Very soon, thousands of young people will return to school. Even now, their mothers are ordering the uniforms and buying the backpacks. The parents are sitting down with the family budget and hammering out how they will afford the tuition. They are purging things from the “want” list to make it all happen. They are putting off things on the “need” list and deciding to make do with what they have.
Parents are making sacrifices because they believe Catholic education provides the best foundation for their sons and daughters. What do parents expect when they fork out thousands of dollars? Certainly, they expect that their children will get a solid education, and they expect the schools to instill respect and self-discipline in their children, but they might expect those same results from many public schools or even from nonsectarian private schools.

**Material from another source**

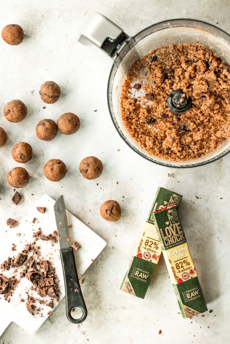De Lovechock "Turmeric Tulsi" reep wordt met een mes in kleine stukjes gehakt. De gehakte chocolade stukjes worden dan in het deeg gevouwen. De "Turmeric Tulsi" reep is zeer aromatisch en past perfect in de smakelijke tijgernoot blissballs.

The majority of parents choose Catholic schools for specific faith-based reasons. They expect their sons and daughters will be taught the faith - how to live it, cherish it and share it. They don’t expect the classes to be carbon copies of the public school. The room, the curriculum, the teacher, the walls in the halls, the hidden curriculum (what students learn while they are in school that we didn’t set out to teach them) – it should all underscore one thing:
We are Catholic.
When I was working on my B.A. in education, the buzz phrases were writing-across-the-curriculum or reading-across-the-curriculum. Here’s a buzz phrase for Catholic schools. Be Catholic-across-the-curriculum.
Catholic teachers should know the faith well enough to defend it. Teachers should have a personal love for Jesus Christ and His Church – and find a way to integrate faith with the subject matter.
Here’s the reality. Parents are spending thousands of dollars in order to provide their children with a Catholic education, but all too often, their children graduate from Catholic schools unable to share or defend the faith. Some even have trouble living it.
It’s idealistic, perhaps, but wouldn’t it be great if our children could go to daily Mass every day of the school year? Wouldn’t it be great if they could spend fifteen minutes in Adoration every week? If they could be equipped with an arsenal of prayers that would help them face any crisis? If they could recite the Creed and be able to explain what the Communion of Saints is? What Apostolic means? What the Four Marks of the Church are?
Wouldn’t it be great if they began the process of discerning a vocation while they were still in high school?
Wouldn’t it be great if our children graduated with such a love for the Catholic Church that they considered attending a Catholic college or prayed that God would send them a Catholic spouse?
As educators, we have to prove to our parents that a Catholic education is worth their financial sacrifices.
We have to prove to them that Catholic education is truly and completely Catholic. That the curriculum is thoroughly Catholic. That the hidden curriculum won’t undermine their faith. That they will encounter classmates who are grounded in the faith and not more inclined to challenge their faith or compromise their morals.
Catholic education should outshine every other educational option. Parents should turn to each other on a warm summer evening and say, “Well, that purchase will have to wait another year. Their Catholic education comes first.”
We should seek not only to make Catholic education worth every penny. We should make Catholic education priceless.